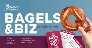Join us for Bagels & Biz Networking on Friday, September 5, from 8:00 AM to 10:00 AM EDT at 6401 North Nebraska Avenue, Tampa, FL 33604. Whether you’re a seasoned entrepreneur, small business owner, freelancer, or just getting started β this relaxed, high-energy networking event is your chance to connect with like-minded go-getters over a hot cup of coffee and (yes!) delicious bagels.
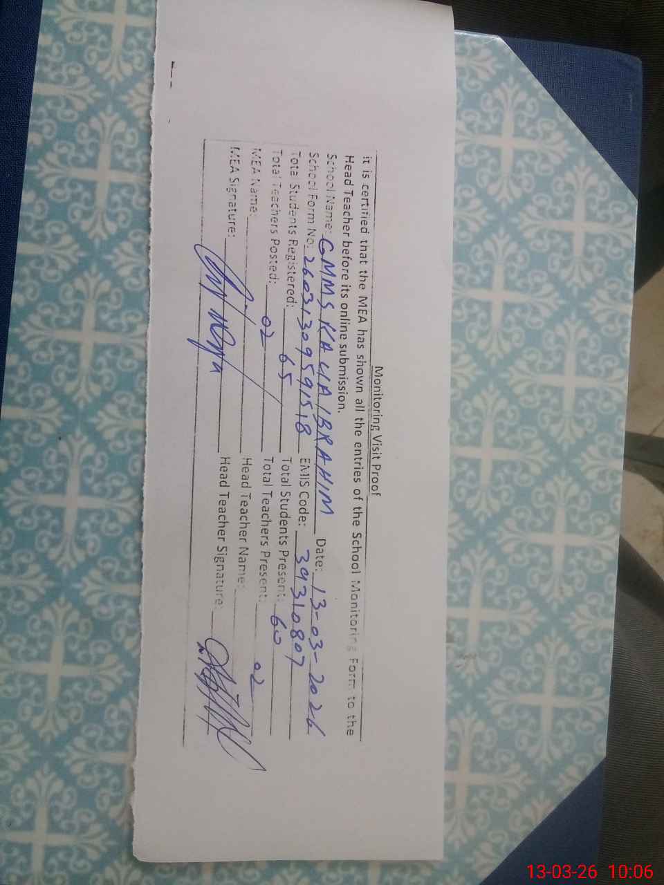 | Certified that this School was Inspected by the Undersigned MEA/DMO Today and the Information Stated Above is as Per Record. | |||||
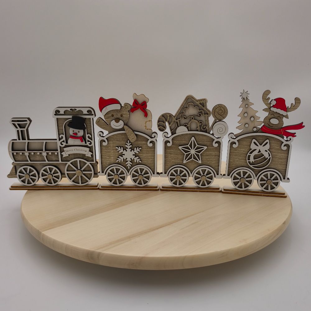 Hozd el a karácsonyi hangulatot ezzel a varázslatos, fából készült kisvonattal! A 40×14 cm-es dekoráció mozdonyból és három, ajándékokkal teli kocsiból áll, melyeket hóember, plüssmaci, mézeskalács és rénszarvas díszít. A 3 mm rétegelt lemezből, precíz lézeres vágással és gravírozással készült termék tökéletes asztali dísz vagy ajándék.
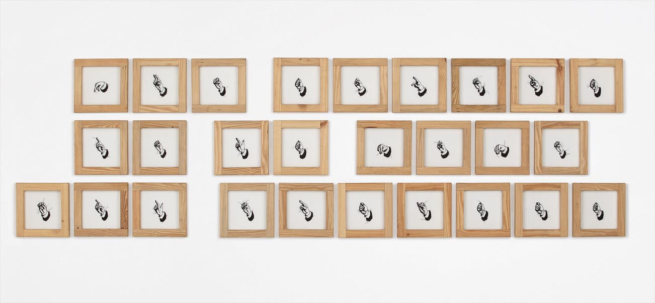 black thread on stretched silk in wooden frames, in 27 parts
-.-.-
Problem to solve> Every line of the data above should be repeated exactly. Omit the pictures.

Solved exercise>
Join us for Bagels & Biz Networking on Friday, September 5, from 8:00 AM to 10:00 AM EDT at 6401 North Nebraska Avenue, Tampa, FL 33604. Whether you’re a seasoned entrepreneur, small business owner, freelancer, or just getting started β this relaxed, high-energy networking event is your chance to connect with like-minded go-getters over a hot cup of coffee and (yes!) delicious bagels.
 | Certified that this School was Inspected by the Undersigned MEA/DMO Today and the Information Stated Above is as Per Record. | |||||
 Hozd el a karácsonyi hangulatot ezzel a varázslatos, fából készült kisvonattal! A 40×14 cm-es dekoráció mozdonyból és három, ajándékokkal teli kocsiból áll, melyeket hóember, plüssmaci, mézeskalács és rénszarvas díszít. A 3 mm rétegelt lemezből, precíz lézeres vágással és gravírozással készült termék tökéletes asztali dísz vagy ajándék.
 black thread on stretched silk in wooden frames, in 27 parts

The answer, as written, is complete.